CHICAGO, IL – Bill Guide always thought he had a good working relationship with Ald. Matt O’Shea’s office as long as his former high school classmate has been in office and as long as Guide has owned the Cork and Kerry Tavern.

But after the popular Beverly Irish pub was ordered closed by the city on Sunday for what the Chicago Department of Business Affairs and Consumer Protection considers to be violations related to coronavirus pandemic guidelines for restaurants and bars, Guide believes someone in O’Shea’s office has something against the way he goes about his business.

Guide told Patch on Tuesday that he does not know how long Cork and Kerry’s Western Ave. location will be closed as it works to put together a safety plan that will allow the pub to reopen. He maintains that the timeline of events and violations that were issued by BACP and that were announced in a press release issued by O’Shea’s office on Monday and emailed to 19,000 constituents in the 19th Ward do not line up with what he believes are the facts of what is happening with his bar.

“I couldn’t sit back and let people think that we don’t care,” Guide told Patch in a phone interview a day after the tavern put its side of the story out in a Facebook post. “The press release (from O’Shea’s office), I thought, made it sound like we were complicit in sprinkling COVID everywhere when that wasn’t the case. That wasn’t the story at all.”

According to the news release, an investigation was launched after reports surfaced that an employee had tested positive for the coronavirus. Instead, the Guide said the father of two employees tested positive and the employees informed Guide they were going to be tested. The two employees have not returned to work since, Guide said, and the tavern has continued to maintain a safe environment for employees and customers.

Cork and Kerry was ordered closed over the weekend (Photo courtesy of Cork and Kerry)
Cork and Kerry was ordered closed over the weekend (Photo courtesy of Cork and Kerry)

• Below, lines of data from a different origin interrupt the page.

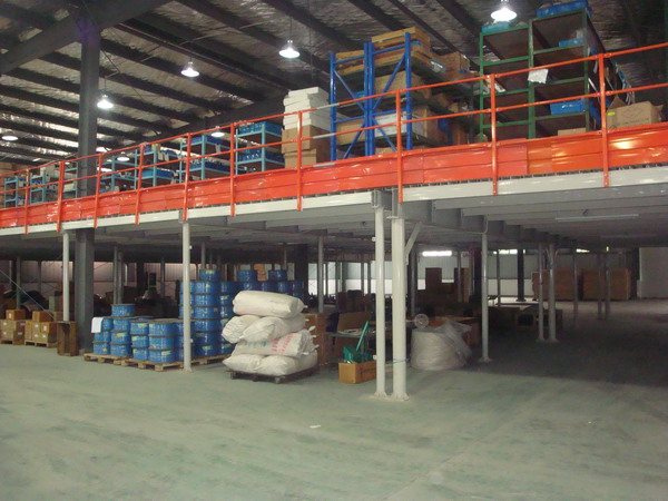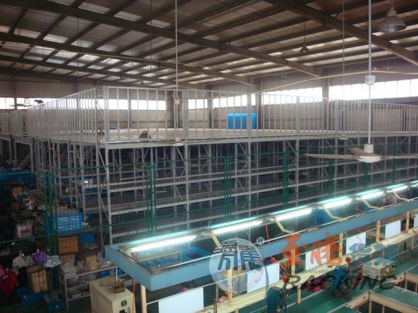 鋼平臺是閣樓貨架的一種,可以將較高的倉儲空間合理規劃,成為多層的空間。我們至騰為春暉集團設計生產的是一層鋼平臺,在鋼平臺的二層,又將其原有的貨架置于鋼平臺上。鋼平臺上放置貨架,對設計要求比較嚴格。因為貨架的所有承載最終會由四個腳轉到樓面,壓力過于集中。樓下是開放式空間,可以擺放任意貨物。
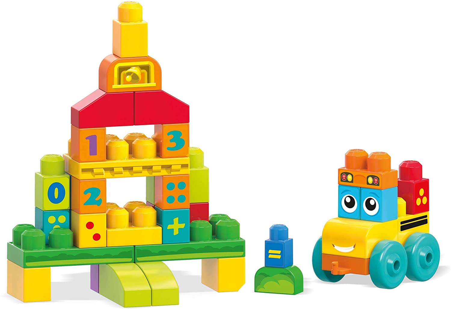 Buduj i ucz się matematyki z najnowszym zestawem klocków od Mega Bloks! Budowanie plus nauka liczb to świetna zabawa. Dzięki dużym, kolorowym, numerowanym klockom maluch nauczy się wszystkiego o matematyce! Ten łatwy do zbudowania zestaw z kolorową dekoracją o tematyce matematycznej pozwala łączyć liczby, symbole i piktogramy, aby nauczyć się wszystkiego, od liczenia po równania. Poznaj liczby i matematykę z tym przyjaznym żółtym autobusem szkolnym! Weź kloci do ręki i zbuduj autobus i kolorową szkołę wraz z tablicą i dzwonem.
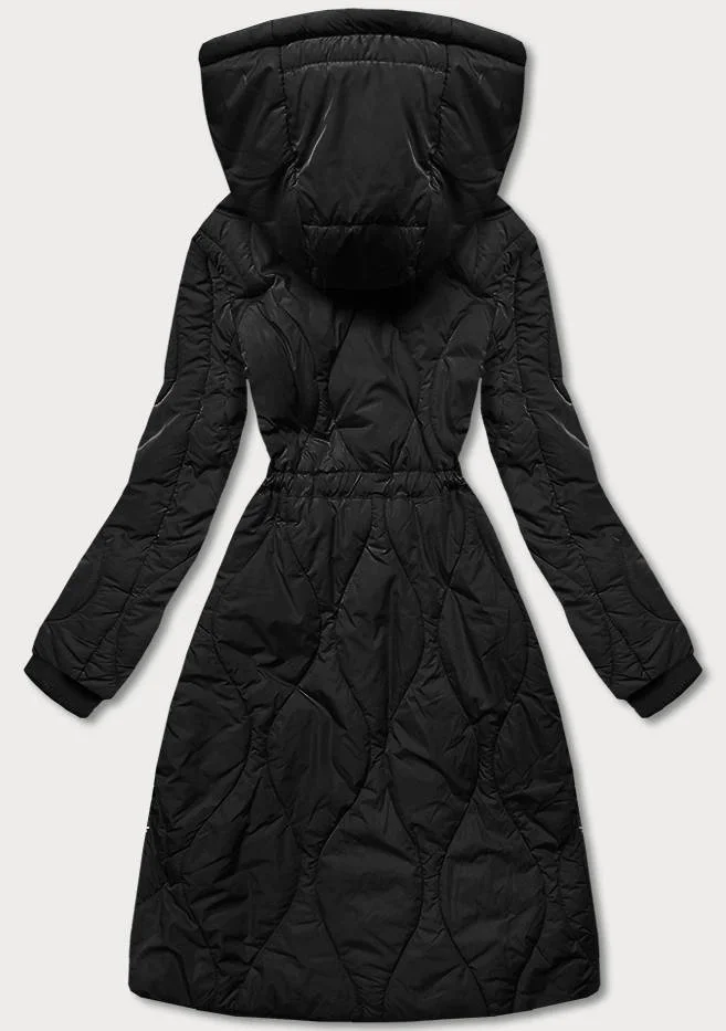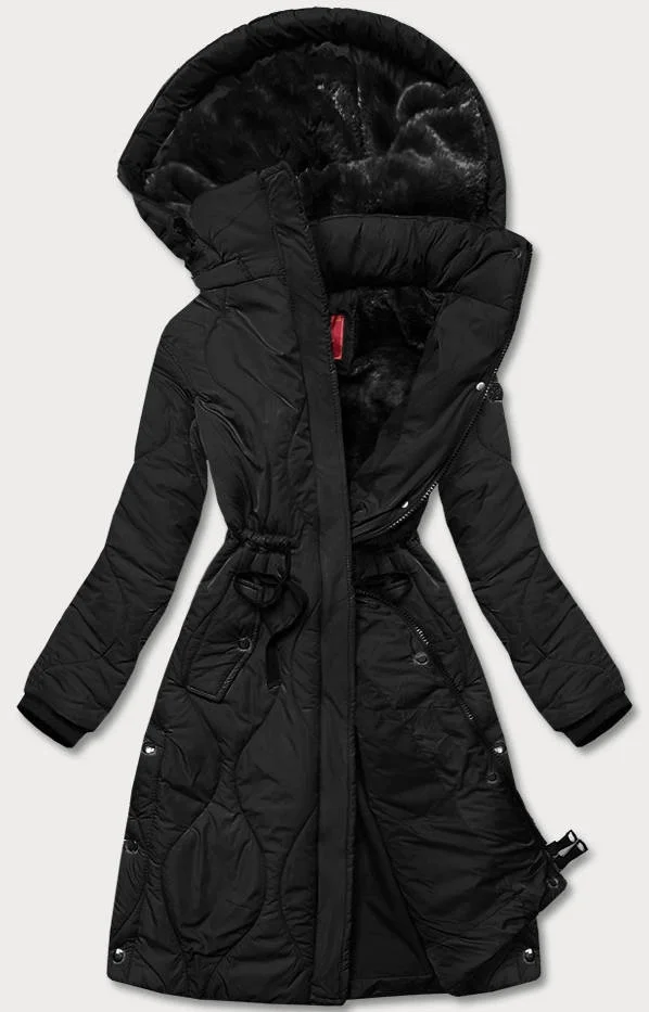 Černá dámská zimní bunda v délce ke kolenům (m-21601)

However, the city cited the tavern for acting irresponsibly and said that employees were not wearing face-coverings while the bar operated beyond allowable hours, according to the news release. City officials also said Cork and Kerry had previously violated coronavirus-related guidelines in June.

According to the Chicago Tribune, the tavern does not have a retail food license and was opened for indoor service during Phase 3 of Gov. J.B Pritzker’s reopening plan. The plan allowed for restaurants to operate for outdoor service only. Guide told the Tribune that he thought if he had a food truck with a license, he was fine to be open. The newspaper reported that BACP officials indicated there was not a food truck on-site at the time and that Guide is still working to resolve the issue with city officials.

Guide told Patch that he and other employees had previously scrubbed the tavern’s floors and sanded down its bar and put down several coats of polyurethane to meet CDC guidelines. But when the city levied violations against the bar over the weekend, Guide said he was taken aback after receiving the email from O’Shea’s office from 10 different people.

He has been amazed by the community support the establishment has received since the closure was ordered and says he is working to ensure his tavern can open sooner rather than later.

“The ward has made it out like we’re the bad guys,” Guide said, adding, “It’s extremely frustrating. You would think the city would want us to keep our people working. Don’t get me wrong – we definitely want to keep everybody safe. I think we’ve been doing that…as far as masks and social distancing goes, we’re doing everything they ask.

“To take another hit, after 25 percent of our business for the year is down, it’s extremely frustrating. It’s really tough. I don’t know how they expect people to stay in business. We’re fighting for every dollar, really.”

After an attorney completes a safety plan for Cork and Kerry, Guide said he will meet with Liquor Commission officials. Once the plan is approved, an inspection will be ordered and once the inspection is passed, the bar will be allowed to reopen. That process could take a matter of days or a week, said Guide, who said the establishment hopes to be open “better than ever pretty soon.”

Cork and Kerry was closed for 90 days earlier this year at the start of the pandemic, which put the bar in a precarious position economically, Guide said. When bars were allowed to reopen at 25 percent capacity, making ends meet was still difficult because operating at those levels isn’t sustainable. But when the violations were announced and the tavern was forced to close, Guide said that everything came to a head. He said things didn’t need to play out the way they did and said he has had daily calls to O’Shea’s office go unanswered for months.

Amidst all of that, Guide said that like other businesses attempting to balance safety with the bottom line, 2020 continues to present a serious set of challenges for small business owners.

“I get we’re trying to keep people safe and healthy, but it’s not good for the economic climate for anybody’s business,” Guide said. “If (the city) expect us to last with these conditions, it’s just not going to happen.”